Public vs private pay gap

5%

Public-sector workers earn this much more than private-sector workers in New Zealand on average.

Public sector 97,900 NZD
Private sector 93,100 NZD

Trader salary by city in New Zealand

Trader pay is not even across New Zealand. The chart below shows the highest-paying cities in the dataset, followed by the full location table.

  • Auckland
  • Christchurch
  • Wellington
  • Hamilton
  • Rotorua
LocationTypeAverageMedianRange
AucklandCity56,600 NZD54,700 NZD30,000-89,800 NZD
ChristchurchCity55,100 NZD54,100 NZD29,600-83,800 NZD
WellingtonCity51,300 NZD54,300 NZD24,400-79,500 NZD
HamiltonCity46,700 NZD49,300 NZD23,700-74,300 NZD
RotoruaCity46,700 NZD45,700 NZD23,400-69,700 NZD


Trader in New Zealand: FAQs

  • How much does a trader make per month in New Zealand?

    A trader in New Zealand earns about 4,400 NZD a month before tax, based on an annual average of 52,800 NZD.

  • What's the salary range for a trader in New Zealand?

    Entry-level traders in New Zealand start near 25,500 NZD. Top-end pay reaches around 84,200 NZD. The middle 50% of earners sit between 35,000 and 66,900 NZD.

  • Is the median trader salary in New Zealand higher or lower than the average?
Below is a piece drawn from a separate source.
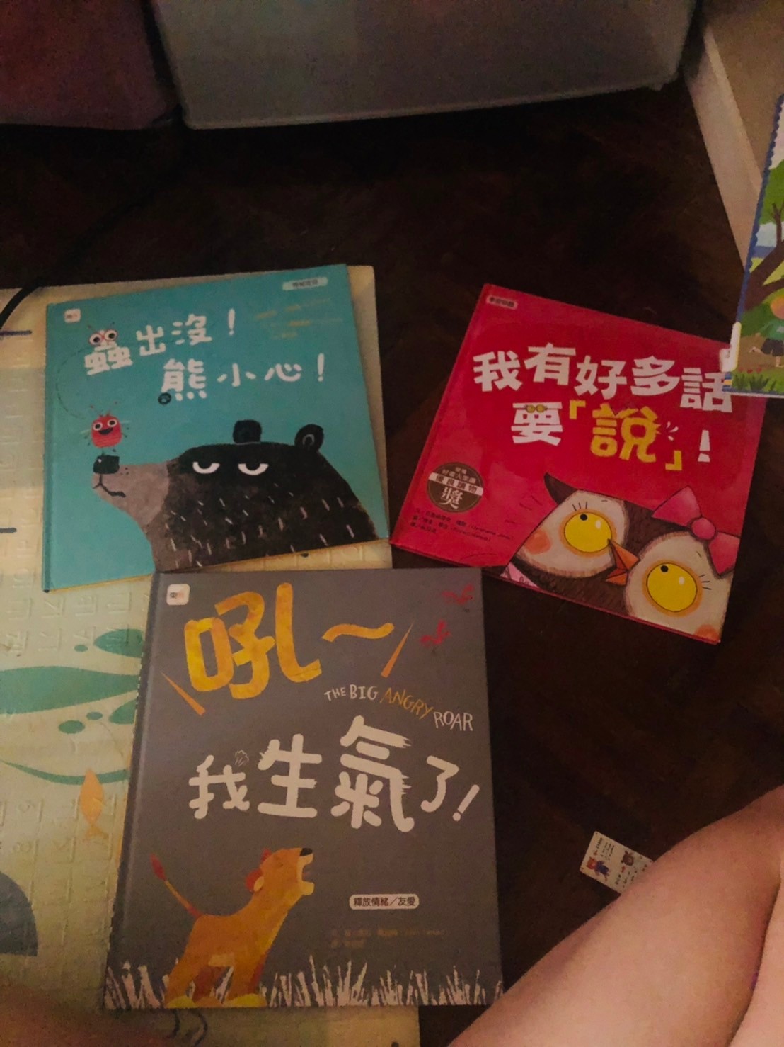 至於《吼~我生氣了》這本拿出來看到小獅子生氣會害怕,持續冷落中,《我有好多話要說》應該是年紀還沒到看不懂,以後看看有沒有機會分享。整體而言給四顆星星
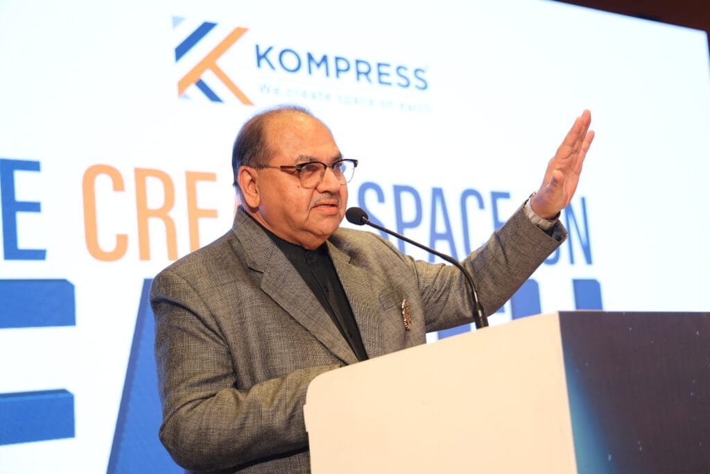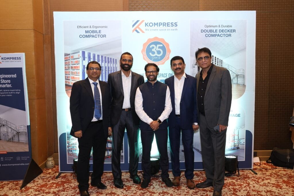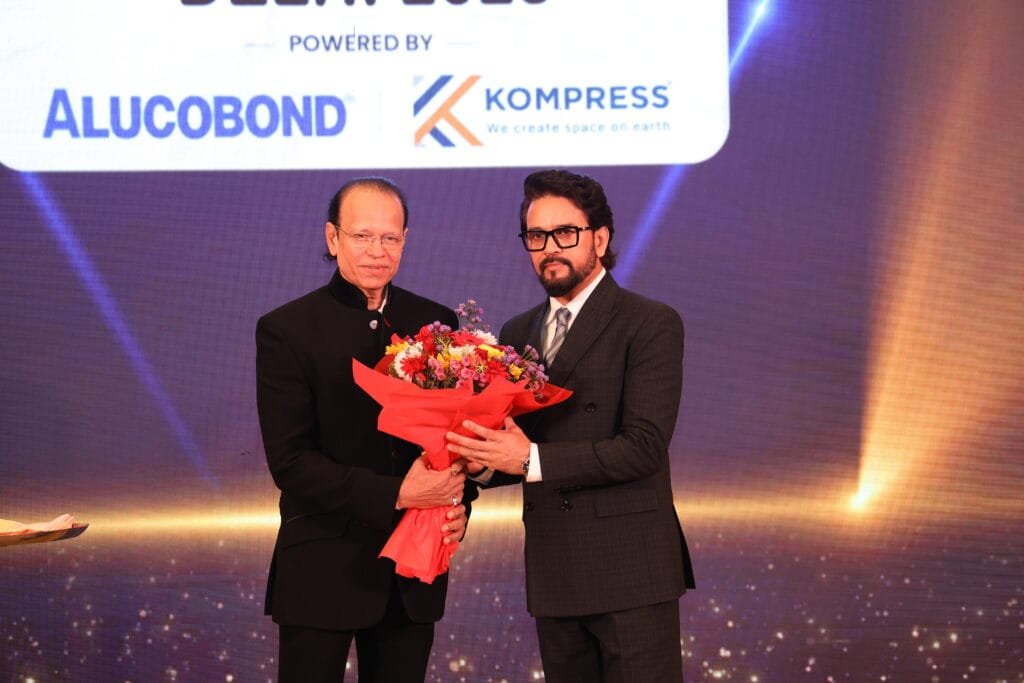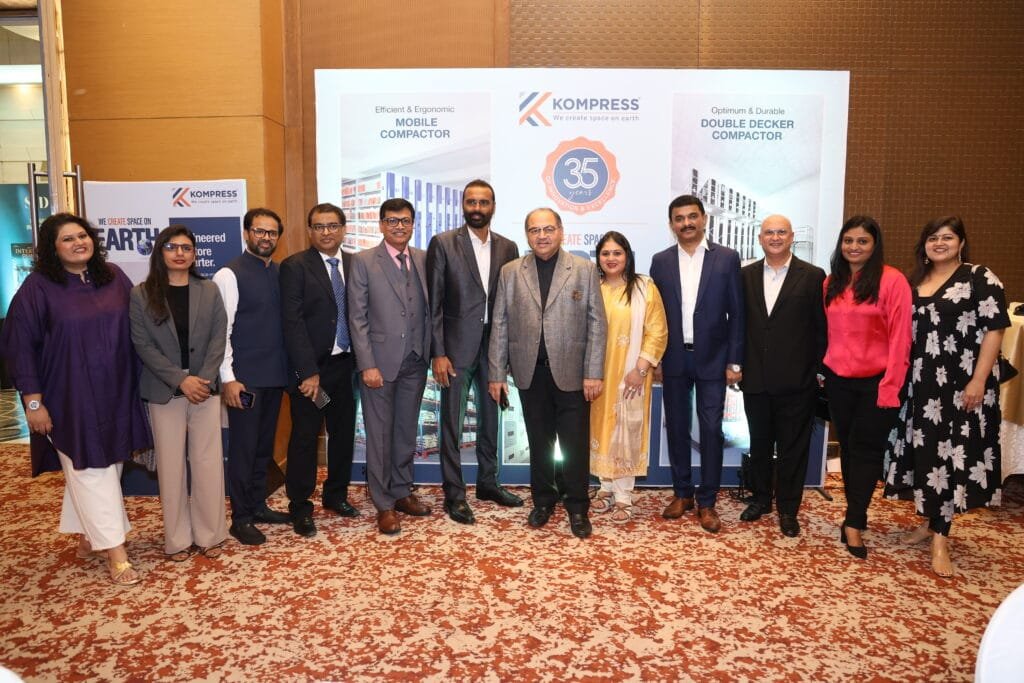 The spotlight then turned towards the event’s key partners, ALUCOBOND and Kompress India Pvt. Ltd., whose brands have deeply influenced the built environment in India and beyond. An immersive AV on ALUCOBOND traced its journey as a global trailblazer in Aluminium Composite Material (ACM), redefining architectural façades since 1969 through innovation, durability, and an ever-evolving palette of finishes. This was followed by a compelling AV on Kompress India Pvt. Ltd., which chronicled the company’s pioneering role in advanced storage solutions—from mobile compactor systems to pallet racking and highperformance warehouse systems. Headquartered in Mumbai and with a footprint extending across Asia, Africa, Russia, the UAE, and the USA, Kompress has transformed storage from a functional necessity into a science of space optimisation. Later in the evening, CMD Rajesh Gandhi and VP – Sales & Marketing, Shekhar Aggarwal, were invited on stage and acknowledged for their visionary contribution to the storage and material-handling domain.

    The median is 51,900 NZD, lower than the average of 52,800 NZD. Half of traders in New Zealand earn below the median, half earn above it.

  • What's the gender pay gap for traders in New Zealand?

    Men working as a trader in New Zealand earn around 5% more than women on average (54,200 vs 51,500 NZD a year).

  • Do traders in New Zealand get bonuses?

    About 54% of traders in New Zealand reported a bonus in the past 12 months. Reported bonuses ranged from 3% to 6% of base salary.

  • Do traders earn more in the public or private sector in New Zealand?

    In New Zealand, the public sector pays a trader about 5% more on average. Public-sector pay tends to be steadier; private-sector pay tends to offer bigger upside.

  • How often do traders in New Zealand get a pay raise?

    A trader in New Zealand sees a raise of around 11% every 14 months, equivalent to roughly 9% a year.